ACTION ITEM: A word-for-word copy is needed of the line containing "- タイラバ 仕掛け用" and every line after it through the end of the records below, leaving out all pictures.
INFORMATION SUPPLIED START
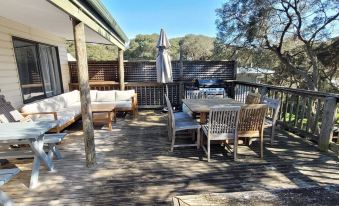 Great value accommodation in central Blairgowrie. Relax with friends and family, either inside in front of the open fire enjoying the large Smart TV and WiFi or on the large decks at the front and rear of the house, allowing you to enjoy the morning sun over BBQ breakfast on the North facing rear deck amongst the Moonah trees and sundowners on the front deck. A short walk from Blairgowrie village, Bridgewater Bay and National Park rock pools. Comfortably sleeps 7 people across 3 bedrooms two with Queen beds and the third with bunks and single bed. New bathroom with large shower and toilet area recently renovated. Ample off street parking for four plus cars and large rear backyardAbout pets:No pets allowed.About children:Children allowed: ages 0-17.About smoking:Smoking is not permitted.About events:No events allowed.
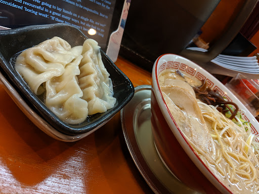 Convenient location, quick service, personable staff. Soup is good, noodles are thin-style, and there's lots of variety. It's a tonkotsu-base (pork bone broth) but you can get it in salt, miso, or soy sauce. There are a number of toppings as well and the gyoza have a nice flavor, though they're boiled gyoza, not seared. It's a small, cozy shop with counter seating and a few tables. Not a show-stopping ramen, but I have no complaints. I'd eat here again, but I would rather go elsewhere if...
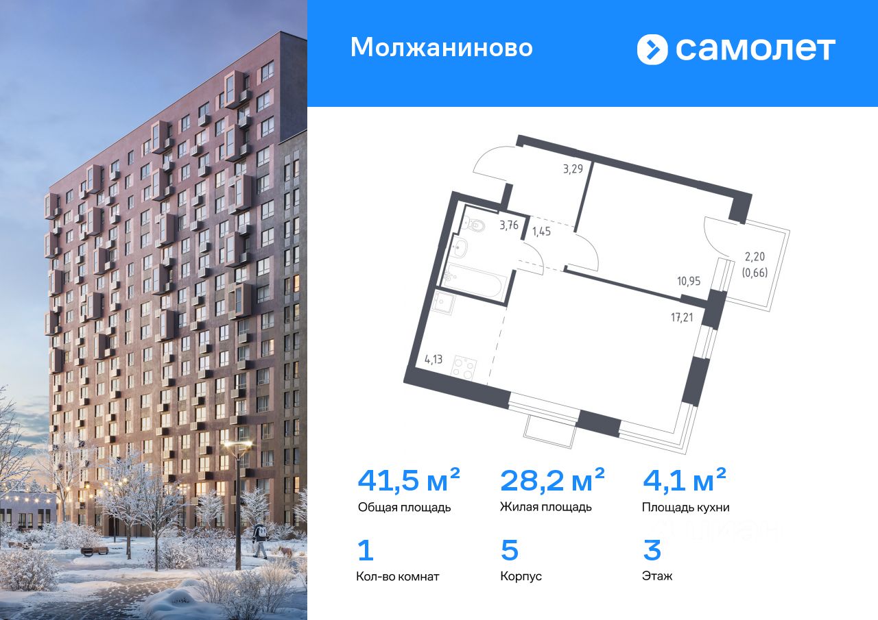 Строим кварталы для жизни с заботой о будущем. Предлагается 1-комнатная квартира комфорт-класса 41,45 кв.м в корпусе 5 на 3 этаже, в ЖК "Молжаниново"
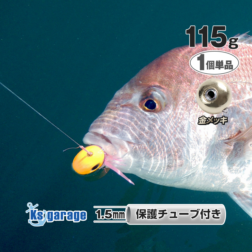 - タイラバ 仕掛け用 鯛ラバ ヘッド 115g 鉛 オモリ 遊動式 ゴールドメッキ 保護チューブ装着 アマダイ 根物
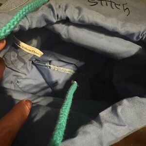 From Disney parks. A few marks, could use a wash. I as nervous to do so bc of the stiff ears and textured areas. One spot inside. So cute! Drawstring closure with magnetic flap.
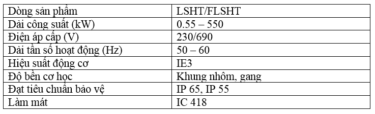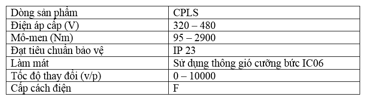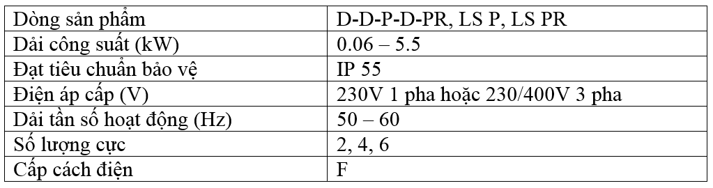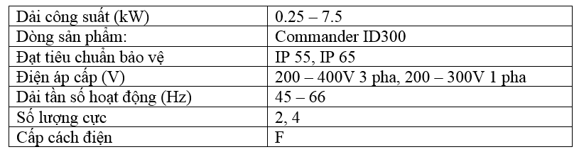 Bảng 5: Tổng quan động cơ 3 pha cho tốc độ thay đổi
INFORMATION SUPPLIED END
EXERCISE OUTPUT:
 - タイラバ 仕掛け用 鯛ラバ ヘッド 115g 鉛 オモリ 遊動式 ゴールドメッキ 保護チューブ装着 アマダイ 根物
 From Disney parks. A few marks, could use a wash. I as nervous to do so bc of the stiff ears and textured areas. One spot inside. So cute! Drawstring closure with magnetic flap.
 Bảng 5: Tổng quan động cơ 3 pha cho tốc độ thay đổi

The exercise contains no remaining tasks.